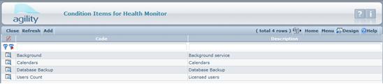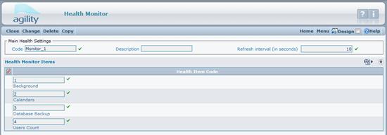 To define monitor you have to enter the code, refresh interval that says how often the monitor will refresh (checks all heath items), and put health items that will be checked during using the monitor.
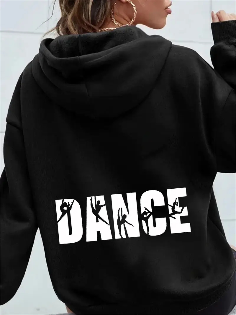 Women's Hooded Sweatshirt DANCE Fashion Letter Print Casual Versatile Trendy Sweatshirt Jacket
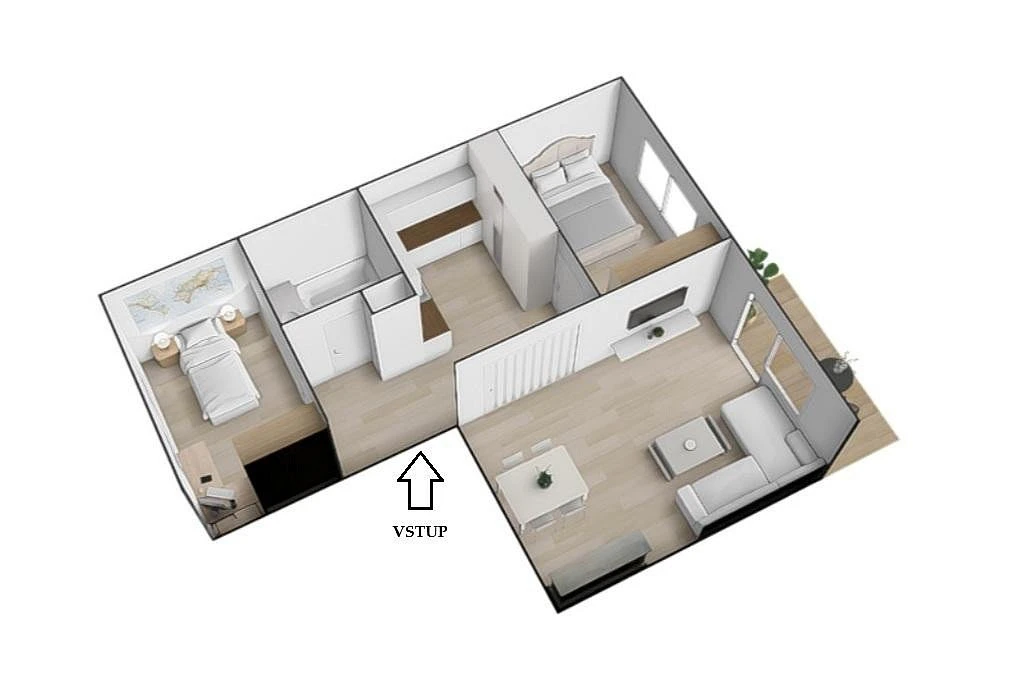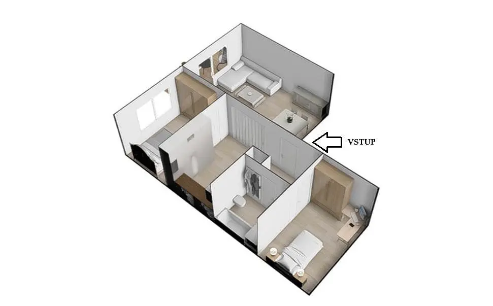 Po vstupu do bytu se ocitnete v prostorné vstupní chodbě o celkové výměře cca 4,3 m and sup2;. Tato chodba je přehledně řešená a zajišťuje pohodlný přístup do všech místností v bytě, což výrazně zvyšuje komfort bydlení a soukromí jednotlivých pokojů.
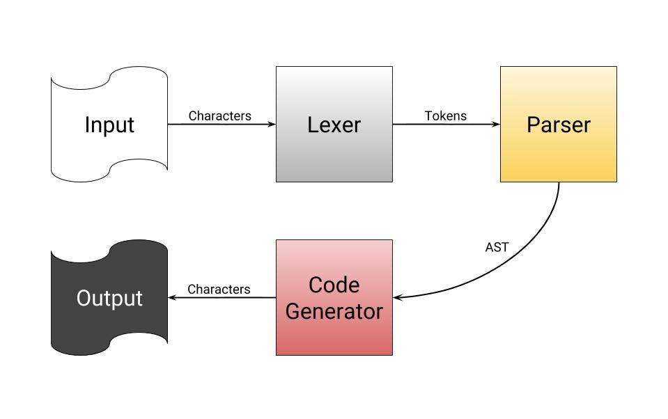 With these two components, we have a functional compiler that interprets our own language with Python. However, it still doesn’t create a machine language code and is not well optimized. To do this, we’ll need the most complex part of the compiler, code generation with LLVM.
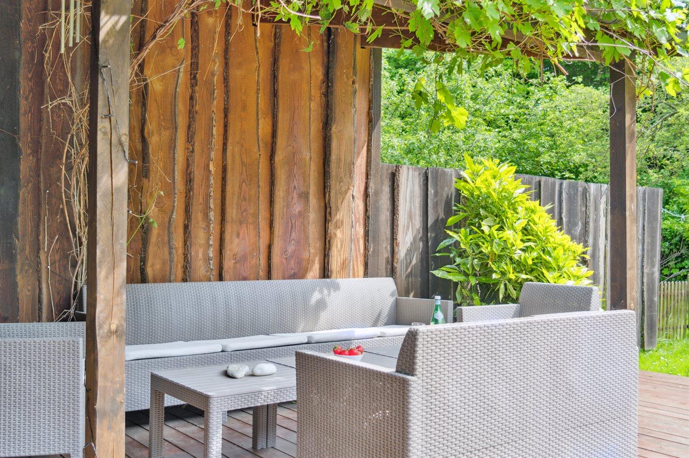 De vakantiewoning is gelegen op een 800 m² groot natuural grond. De grond is omheind. Afstand tot de zee 350 m. Er is een zwemsteiger in de buurt. Dichtstbijzijnde winkel 800 m. Daarnaast is er een overdekt terras. Barbecue. Parkeerplaats bij het huis.
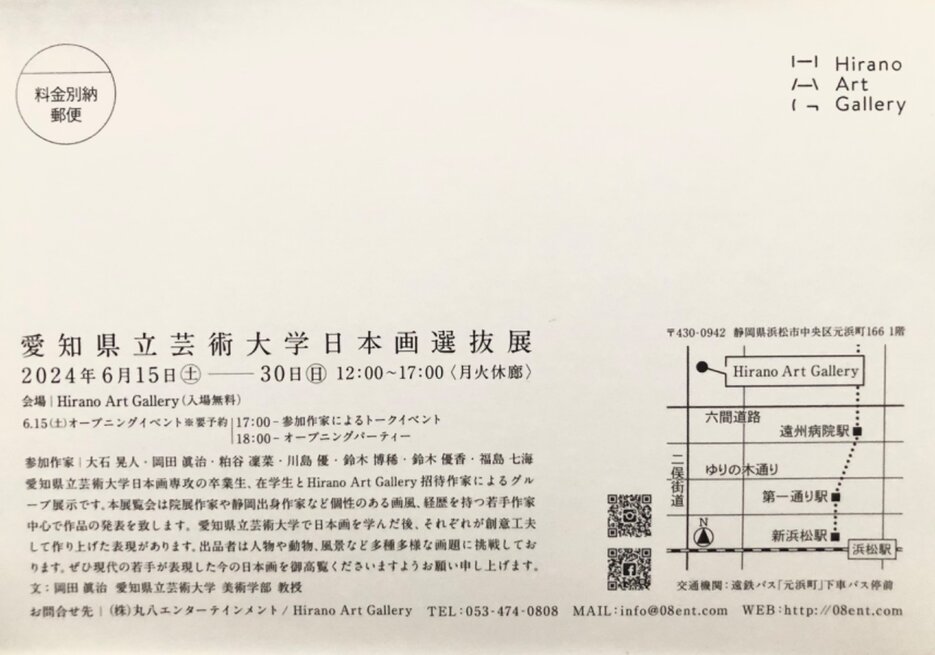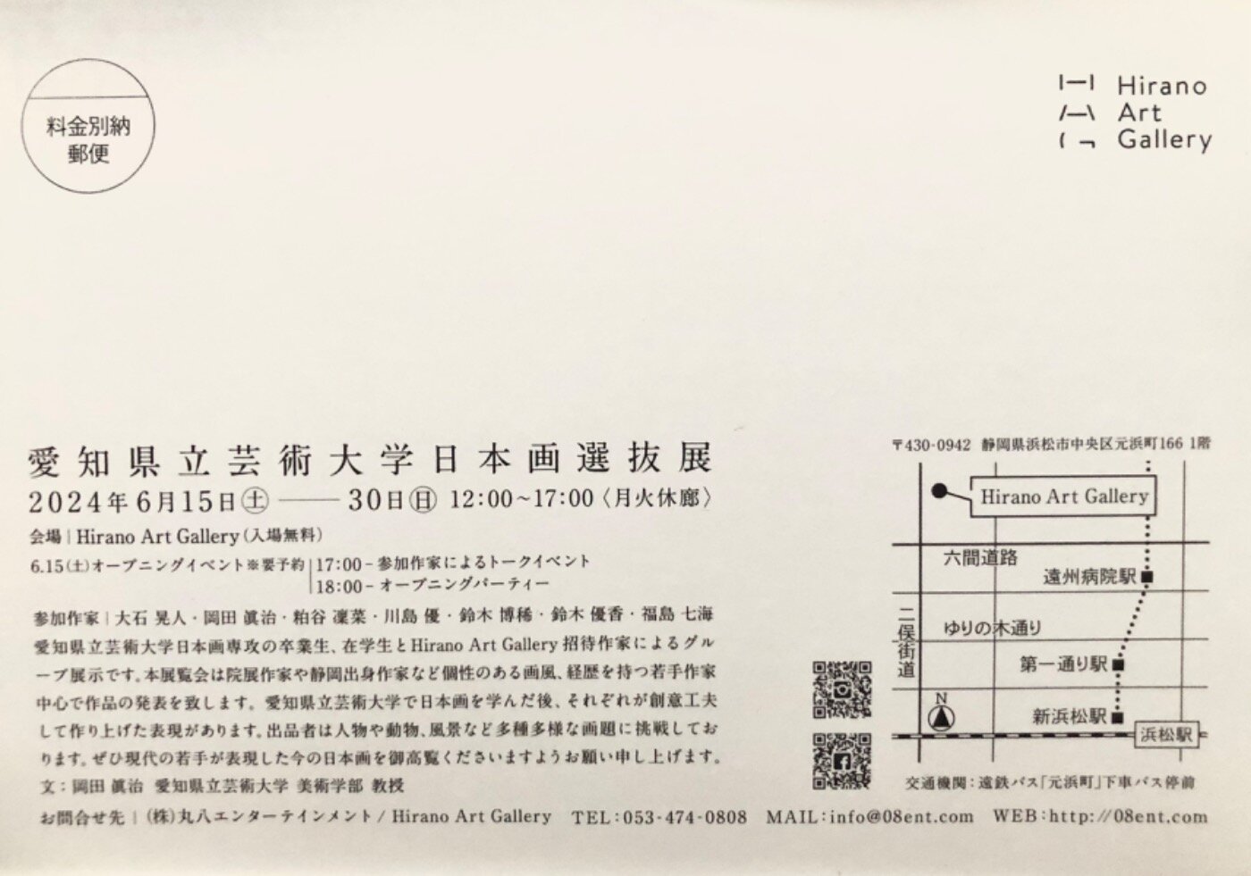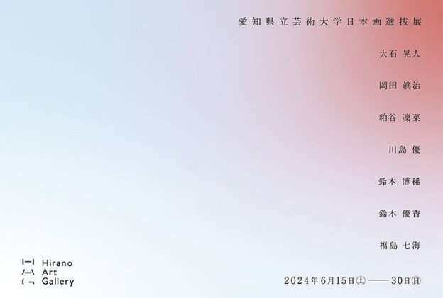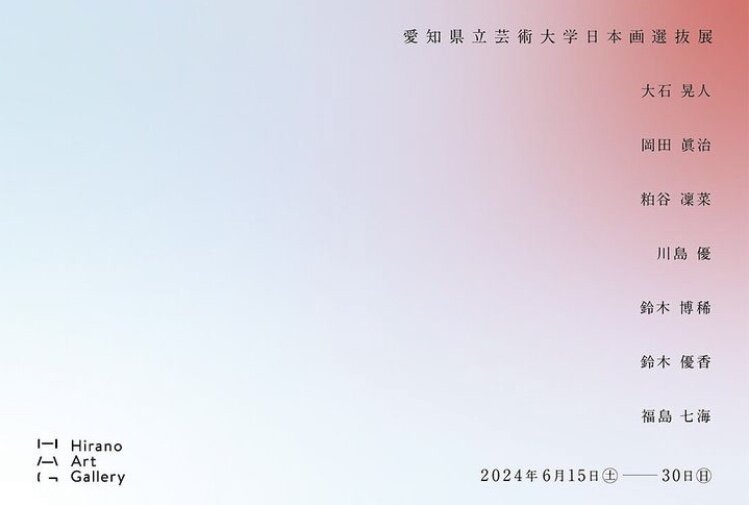 愛知県立芸術大学日本画専攻の卒業生、在学生とHirano Art Gallery 招待作家によるグループ展示です。本展覧会は院展作家や静岡出身作家など個性のある画風、経歴を持つ若手作家中心で作品の発表を致します。愛知県立芸術大学で日本画を学んだ後、それぞれが創意工夫
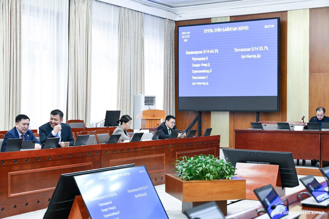 2025.12.09. Хууль зүйн байнгын хороо хуралдлаа. Хуралдаанаар “Тогтоолд нэмэлт оруулах тухай” Улсын Их Хурлын тогтоолын төслийг хэлэлцээд хууль тогтоомжийн тухай хуулийн 27 дугаар зүйлийн 27.1.1 дэх заалт, 28 дугаар зүйлийн 28.3.9 дэх заалттай тус тус зөрчилдсөн гэсэн хууль зүйн зөвлөмжийг дэмжиж, уг санал дүгнэлтээ Төсвийн болон Байгаль орчин, хүнс, хөдөө аж ахуйн байнгын хороонд хүргүүлэхээр боллоо. Үргэлжлүүлэн Засгийн газраас өргөн мэдүүлсэн Гэр бүлийн тухай хуулийн шинэчилсэн найруулгын төслийг хэлэлцүүлэх бэлтгэл хангах үүрэг бүхий ажлын хэсэг байгуулах Байнгын хорооны тогтоолын төслийг хэлэлцэн батлав... https://www.parliament.mn/nn/76243/, https://www.parliament.mn/nn/76244/
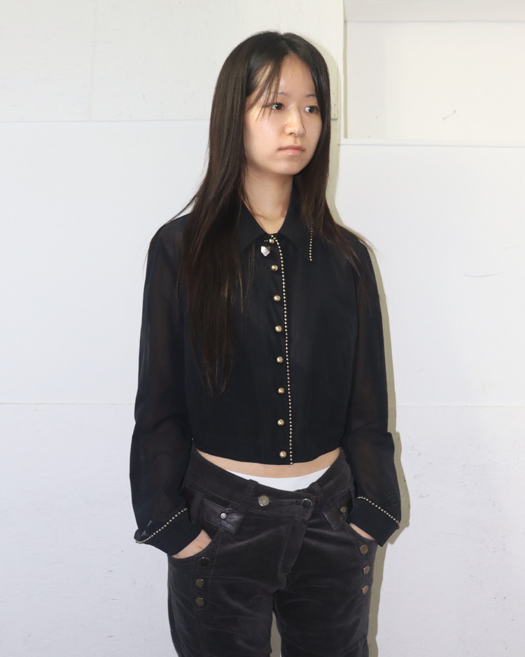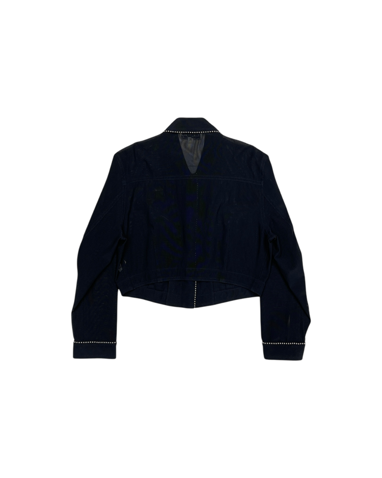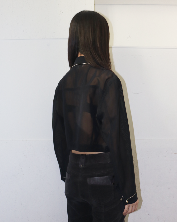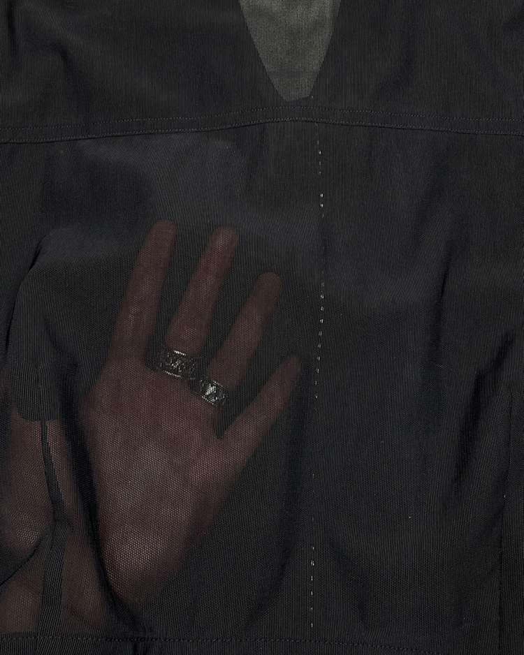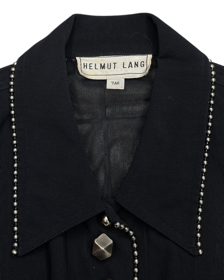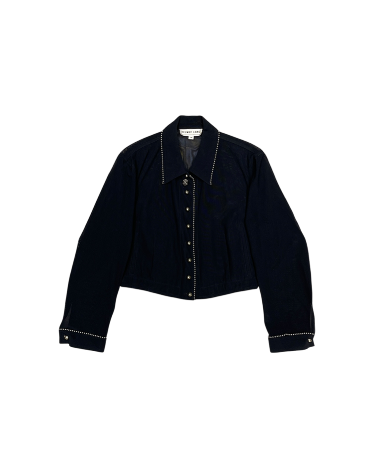 1990년대 초기에 제작된 시스루 재킷으로, 당시 브랜드 특유의 미니멀리즘과 인더스트리얼 감성을 모두 담은 아카이브 피스입니다. 전면 버튼 라인과 카라, 커프스에 더해진 스터드 장식이 절제미를 드러냅니다. 구조적 재단과 크롭 기장이 헬무트 랭의 초기 실험적 디자인을 잘 보여줍니다.
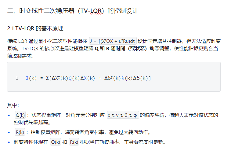 可见,A(k)和B(k)随θ_t、φ和δ₀动态变化,这正是采用时变 LQR的核心原因。
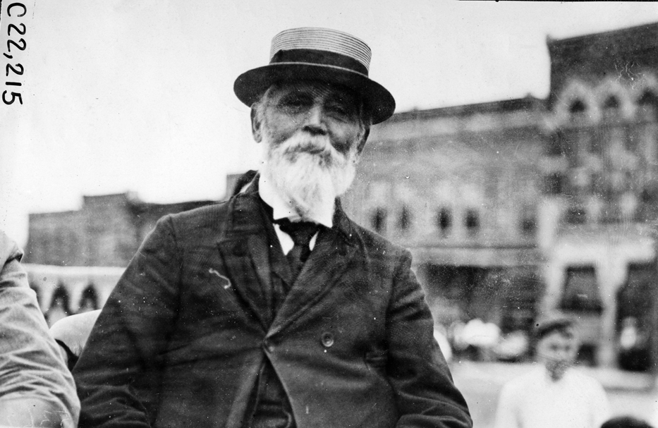View of Judge A.C. Cooper of Northfield, who convicted the Younger brothers after the great robbery of 1876, at the 1909 Glidden Tour. Photo edges cut unevenly. Stamped on back: "Spooner & Wells, Inc., photographers, telephones 3472-3473 Columbus, 1931 Broadway, New York."
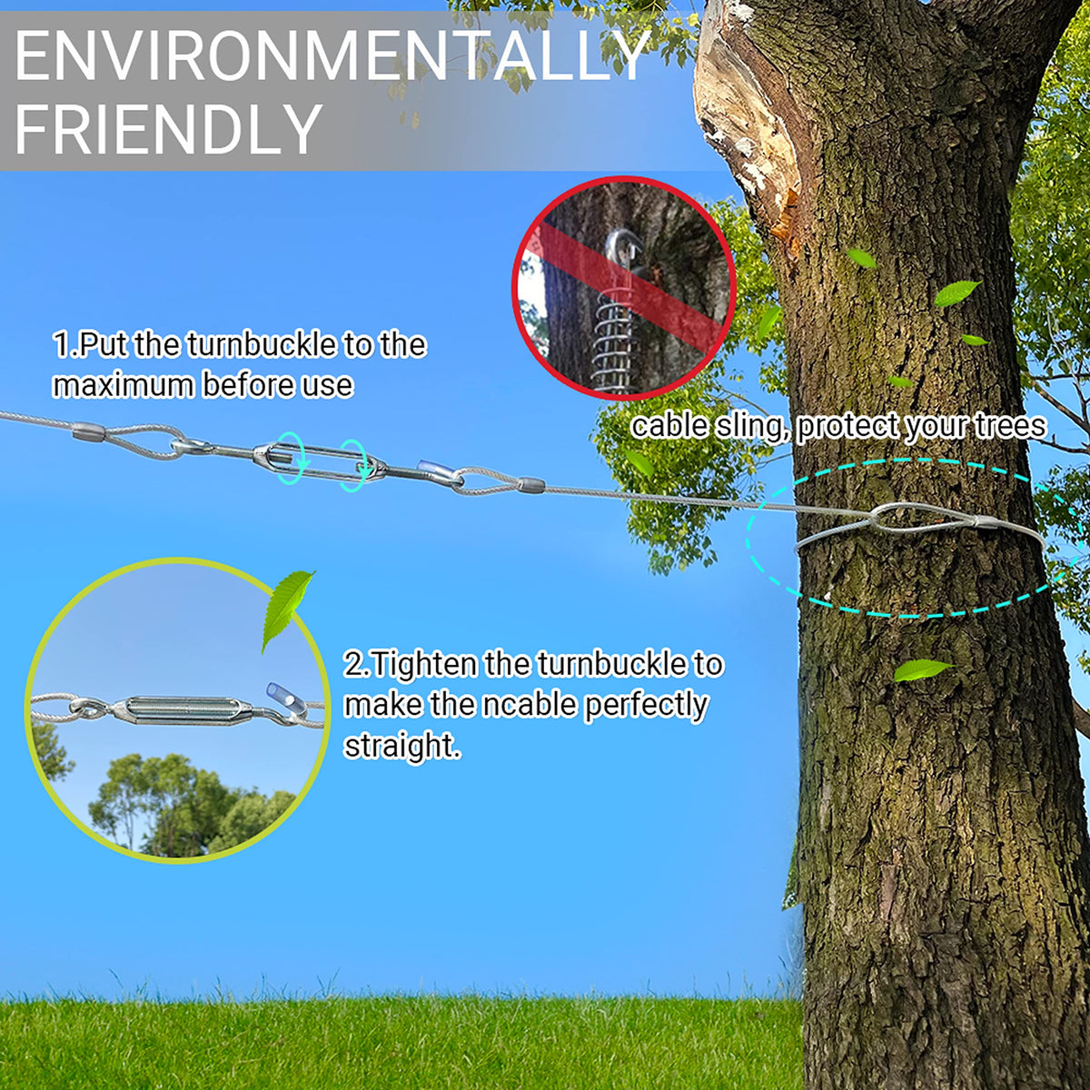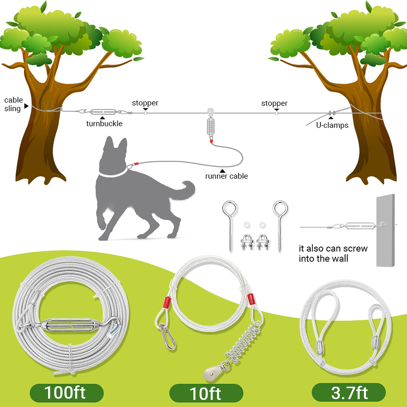 This 100ft dog cable can prevent dogs from accidentally getting lost in the wild, garden, courtyard and other outdoor areas. You can install it between trees using a cable sling (which won't hurt the trees), or use screw hooks to drive into walls and other places where it can be fastened. Meet the needs of dogs for running and playing. You can use it for dog training, behavior modification, chase circuit games and more. etc.
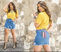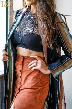 L&B Apparel Aztec Print Side Fringe Mini Skirt
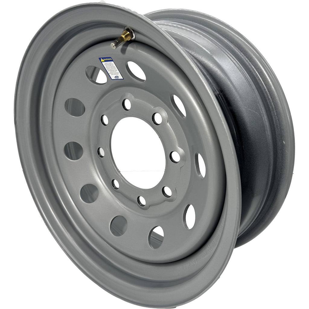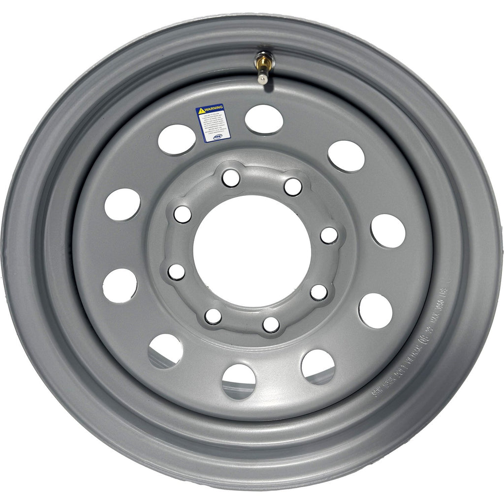 16x6 silver modular steel trailer wheel with a 8 on 6.5 bolt pattern and a load capacity of 3960 lbs.
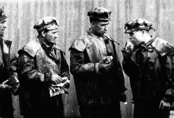 На глубине 414 метров ствола № 2 вскрыт промышленный горизонт солей. На гора поднята первая бадья с калийной солью. Её добыли шахтопроходчики звена Николая Герасимени.

What is being asked: Output the entries above exactly. Drop the pictures.

Response box:
 To define monitor you have to enter the code, refresh interval that says how often the monitor will refresh (checks all heath items), and put health items that will be checked during using the monitor.
 Women's Hooded Sweatshirt DANCE Fashion Letter Print Casual Versatile Trendy Sweatshirt Jacket
 Po vstupu do bytu se ocitnete v prostorné vstupní chodbě o celkové výměře cca 4,3 m and sup2;. Tato chodba je přehledně řešená a zajišťuje pohodlný přístup do všech místností v bytě, což výrazně zvyšuje komfort bydlení a soukromí jednotlivých pokojů.
 With these two components, we have a functional compiler that interprets our own language with Python. However, it still doesn’t create a machine language code and is not well optimized. To do this, we’ll need the most complex part of the compiler, code generation with LLVM.
 De vakantiewoning is gelegen op een 800 m² groot natuural grond. De grond is omheind. Afstand tot de zee 350 m. Er is een zwemsteiger in de buurt. Dichtstbijzijnde winkel 800 m. Daarnaast is er een overdekt terras. Barbecue. Parkeerplaats bij het huis.
 愛知県立芸術大学日本画専攻の卒業生、在学生とHirano Art Gallery 招待作家によるグループ展示です。本展覧会は院展作家や静岡出身作家など個性のある画風、経歴を持つ若手作家中心で作品の発表を致します。愛知県立芸術大学で日本画を学んだ後、それぞれが創意工夫
 2025.12.09. Хууль зүйн байнгын хороо хуралдлаа. Хуралдаанаар “Тогтоолд нэмэлт оруулах тухай” Улсын Их Хурлын тогтоолын төслийг хэлэлцээд хууль тогтоомжийн тухай хуулийн 27 дугаар зүйлийн 27.1.1 дэх заалт, 28 дугаар зүйлийн 28.3.9 дэх заалттай тус тус зөрчилдсөн гэсэн хууль зүйн зөвлөмжийг дэмжиж, уг санал дүгнэлтээ Төсвийн болон Байгаль орчин, хүнс, хөдөө аж ахуйн байнгын хороонд хүргүүлэхээр боллоо. Үргэлжлүүлэн Засгийн газраас өргөн мэдүүлсэн Гэр бүлийн тухай хуулийн шинэчилсэн найруулгын төслийг хэлэлцүүлэх бэлтгэл хангах үүрэг бүхий ажлын хэсэг байгуулах Байнгын хорооны тогтоолын төслийг хэлэлцэн батлав... https://www.parliament.mn/nn/76243/, https://www.parliament.mn/nn/76244/
 1990년대 초기에 제작된 시스루 재킷으로, 당시 브랜드 특유의 미니멀리즘과 인더스트리얼 감성을 모두 담은 아카이브 피스입니다. 전면 버튼 라인과 카라, 커프스에 더해진 스터드 장식이 절제미를 드러냅니다. 구조적 재단과 크롭 기장이 헬무트 랭의 초기 실험적 디자인을 잘 보여줍니다.
 可见,A(k)和B(k)随θ_t、φ和δ₀动态变化,这正是采用时变 LQR的核心原因。
View of Judge A.C. Cooper of Northfield, who convicted the Younger brothers after the great robbery of 1876, at the 1909 Glidden Tour. Photo edges cut unevenly. Stamped on back: "Spooner & Wells, Inc., photographers, telephones 3472-3473 Columbus, 1931 Broadway, New York."
 This 100ft dog cable can prevent dogs from accidentally getting lost in the wild, garden, courtyard and other outdoor areas. You can install it between trees using a cable sling (which won't hurt the trees), or use screw hooks to drive into walls and other places where it can be fastened. Meet the needs of dogs for running and playing. You can use it for dog training, behavior modification, chase circuit games and more. etc.
 L&B Apparel Aztec Print Side Fringe Mini Skirt
 16x6 silver modular steel trailer wheel with a 8 on 6.5 bolt pattern and a load capacity of 3960 lbs.
 На глубине 414 метров ствола № 2 вскрыт промышленный горизонт солей. На гора поднята первая бадья с калийной солью. Её добыли шахтопроходчики звена Николая Герасимени.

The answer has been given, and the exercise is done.